Problem :
Find the number of common tangents to $y^2=2012x$ and $xy =(2013)^2$
Solution : Common tangent will have slope equal to both curves. therefore, differentiation both the curves we get the slopes .
$\therefore 2y\frac{dy}{dx}=2012 \Rightarrow \frac{dy}{dx} = \frac{2012}{2y} .....(1)$ and $x\frac{dy}{dx}+y=0$ $\Rightarrow \frac{dy}{dx}=-\frac{y}{x}.....(2)$
(1) and (2) represent the slope of the same tangent therefore, 1 =2
$\Rightarrow \frac{2012 }{2y } = \frac{-y}{x} $ But I am not getting anything here,
So, I used the second method : Solving for both the curves we will get point of intersection,
$y^2=2012x \Rightarrow x =\frac{y^2}{2012}.....(1) $ $y =\frac{(2013)^2}{x}.......(2)$
Now putting value of y from (2) in equation (1) we get
$\frac{\frac{(2013)^4}{x^2}}{2012}=x$ But I think this will also not give any solution please suggest thanks.
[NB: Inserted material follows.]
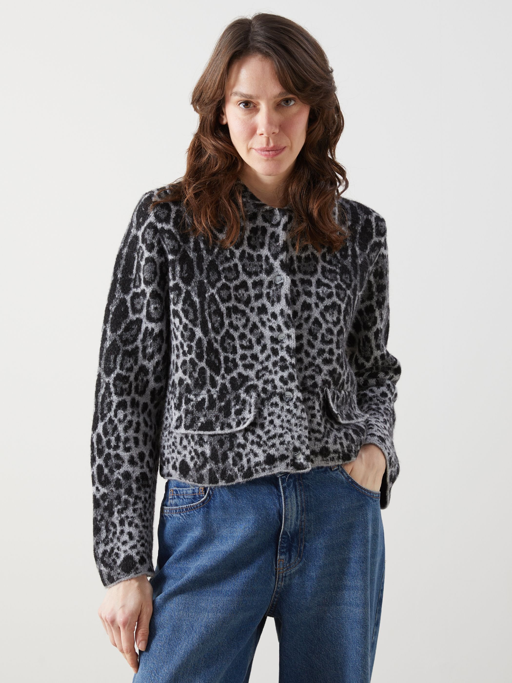 Chic and versatile leopard print cardigan in black. Crafted from a blend of Acrylic, Polyester, and Polyamide, it offers a soft, lightweight, and cozy feel. The timeless leopard print adds a touch of wild elegance.
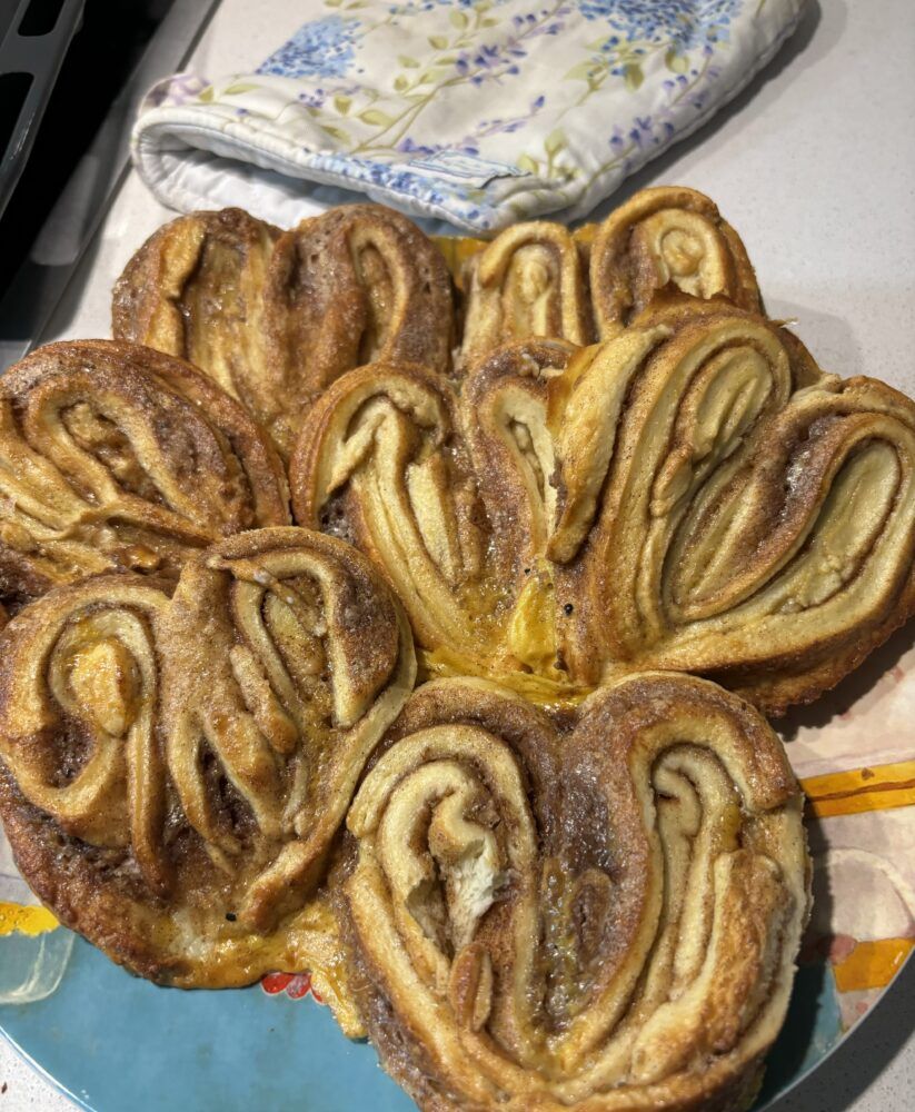 Дуже незвичайне тісто. З ним приємно працювати, але в холодильнику ледь підійшло і на деко більше години стояли – все одно пласкі. Але смачні. Вийшло 7 штук – зʼїли за один раз, ледь одну собі вхопила 😉

Let $(s,t)$ be the point on $y^2=2012x$ and let $(u,v)$ be the point on $xy=(2013)^2$.
Then, we have $$t^2=2012s,\tag1$$ $$uv=(2013)^2.\tag2$$
Since $$y^2=2012x\Rightarrow 2y\cdot\frac{dy}{dx}=2012,$$ we know that the $y$-axis is tangent to this curve at the origin. However, since $y$-axis is not tangent to the curve $xy=(2013)^2$, we may assume that $t\not=0$. Then, we have $$\frac{dy}{dx}=\frac{2012}{2y}.\tag3$$
On the other hand, since $u\not=0$, we have $$xy=(2013)^2\Rightarrow y+x\cdot\frac{dy}{dx}=0\Rightarrow \frac{dy}{dx}=-\frac yx.\tag4$$ From $(1),(2),(3),(4)$, the tangent line both at $(s,t)$ and at $(u,v)$ can be represented as $$y-t=\frac{2012}{2t}(x-s)\iff y=\frac{2012}{2t}x+\frac{2t^2-2012s}{2t}=\frac{2012}{2t}x+\frac t2$$ and $$y-v=-\frac{v}{u}(x-u)\iff y=-\frac{v^2}{(2013)^2}x+2v$$ respectively.
Hence, we have $$\frac{2012}{2t}=-\frac{v^2}{(2013)^2},\ \ \frac t2=2v\Rightarrow v^3=-\frac{2012(2013)^2}{8},\ t=4v.$$
Thus, we know that there is only one such set $(s,t,u,v)$. Hence, the answer is $1$.